When the word "epic" is used to describe a new musical, seasoned reviewers tend to suck on a thoughtful tooth and thank the hyperbolae of PR for a word they're unlikely to use. There's a mention too somewhere of "the Welsh Les Mis" to ratchet expectations up to 11. And yet, the first number, "Burning", sung by miners glistening with sweat, full of the dignity of labour, their women standing beside them while their masters stand above, had plenty of epic and a touch of Les Mis about it - so, maybe?
It didn't quite turn out that way, but it showed the potential that gnawed away at my mind for the next two and a half hours. The songs, by Christopher J Orton and Robert Gould, continued to be strong, the singing (especially in the choral work we associate strongly with South Wales) varied between the good and the very good indeed and Brendan Matthew's direction never lost its assured purpose on Joana Dias's splendid set. For all that, the production never quite added up to the sum of its parts.
The show is based on the Merthyr Rising, an insurrection of working class communities rooted in the solidarity of mining and fanned by the spirit of reform that led to the Representation of the People Act 1832, which extended the franchise but stopped well short of universal suffrage. That, though, was all in the future - in 1831, miners' wages were cut to starvation levels, the price of bread was hiked and the owners of the mines and ironworks that provided the raw materials to the workshops of the world were in no mood to parley with the workers. Violence, and death, followed.

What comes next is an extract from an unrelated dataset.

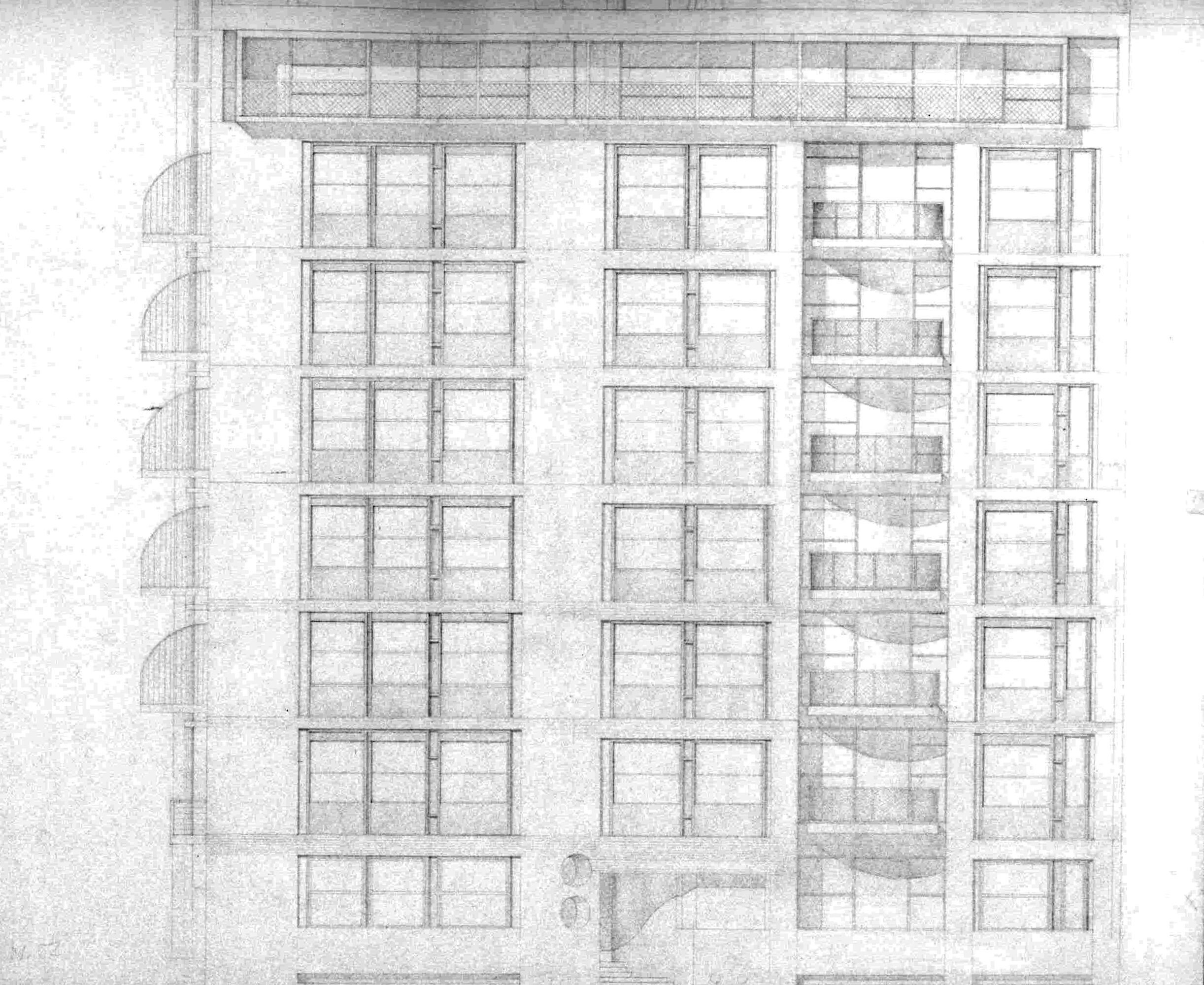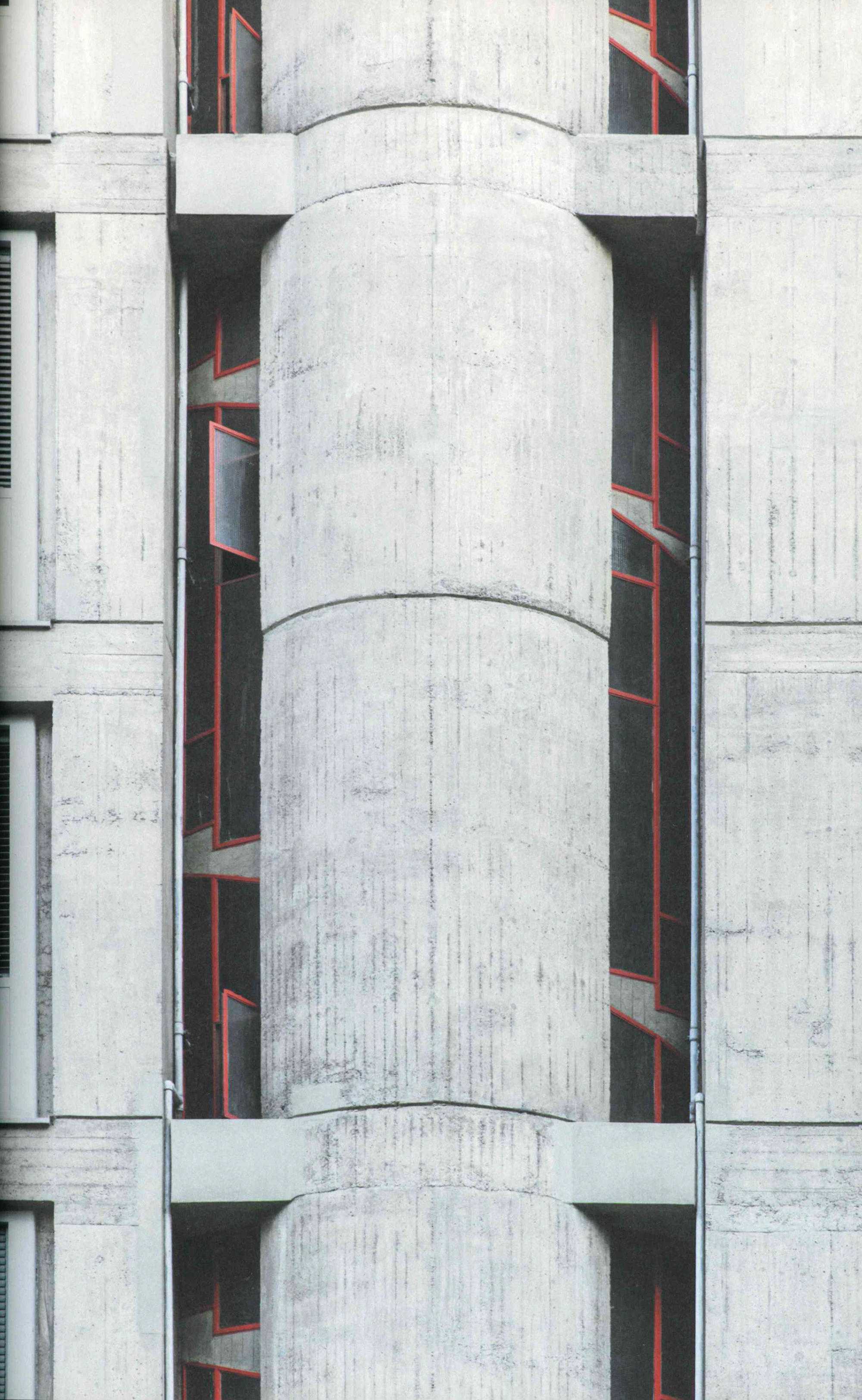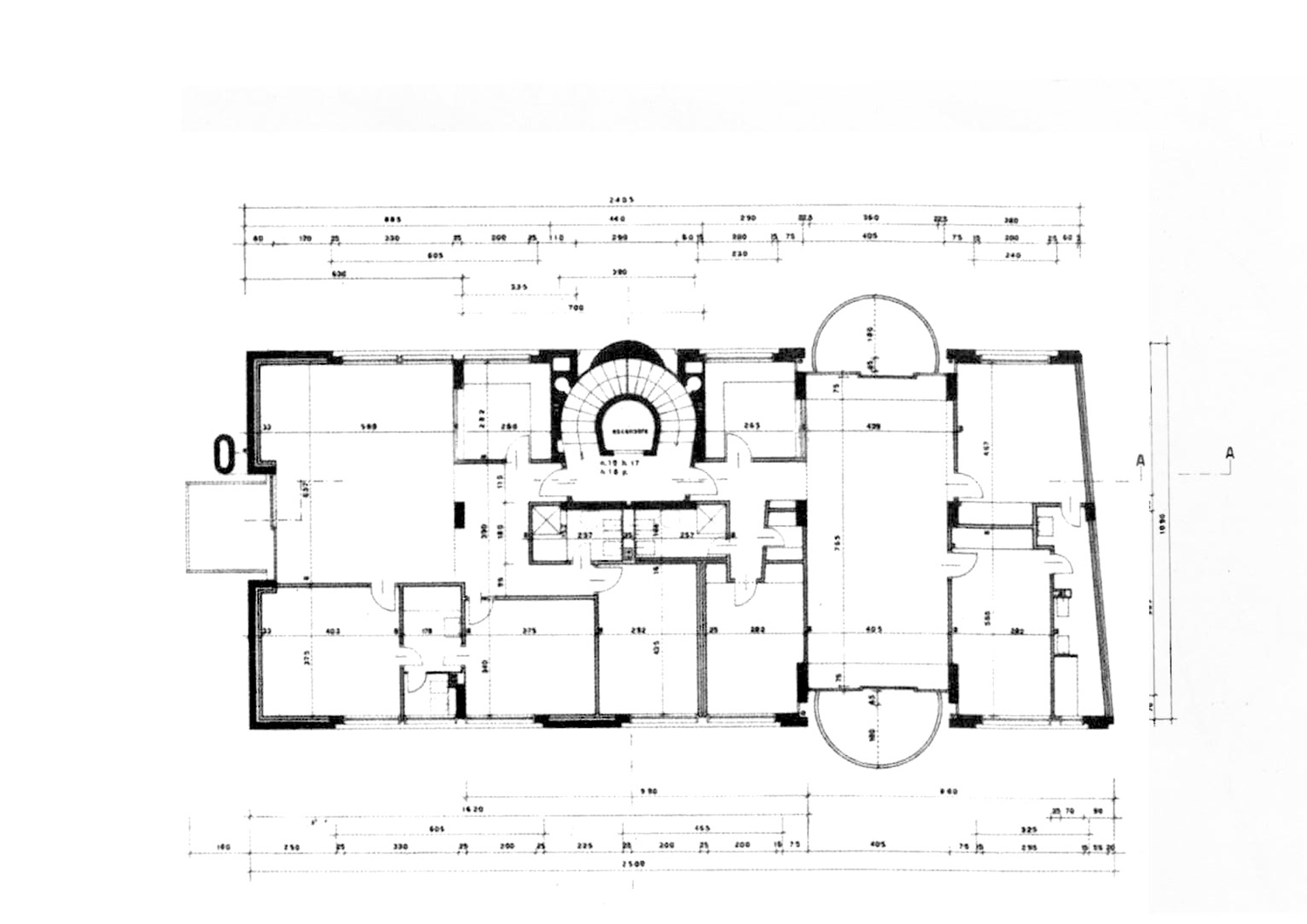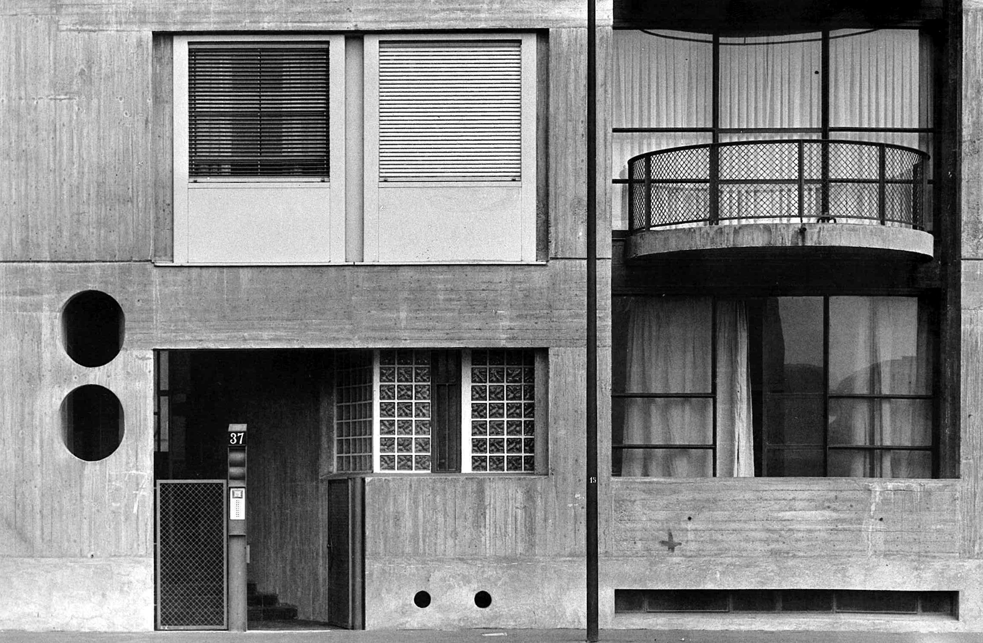 A significant example of Riva’s attention to construction technologies, the building in via Paravia – designed for a cooperative with little economic means – proves to be a brilliant exercise of ingenuity, which resorts to the use of prefabricated exposed concrete panels to close a skeleton composed of reinforced concrete partitions, exploiting its intrinsic characteristics of economy and expressive capacity. These principles inspired the unusual choice of aluminum windows and doors with painted sheet metal frames, which at the time were still little used in domestic contexts. The building is entirely intended for apartments, two for each of the standard floors, which provide different distributions: the apartments located in the northern section have views facing the garden and the street, with pass-through living rooms that occupy the entire depth of the building. building and which are equipped with two large balconies, with a semicircular plan; those to the south have windows open on three sides, but a corner living room and a single terrace.

This production focuses on Richard Lewis, the only man hanged (pour encourager les autres, natch) despite almost certainly being innocent of the particulars of the charge. Aidan Banyard, looking particularly well fed and sporting the orthodontically perfect teeth that the 19th century's Great Unwashed always display in 2017's films and stage shows, sings well and is completely credible as a a man torn between family responsibilities and union brotherhood. He gets good support from Rebecca Gilliland as his wife, Angharad, whose song with the other long suffering women, "I Know I Love Him" is a real highlight in Act Two. There's plenty of excellent playing too by Aaron Clingham's six piece band, the music consistently engaging and interesting, nicely balanced with the voices in an intimate space.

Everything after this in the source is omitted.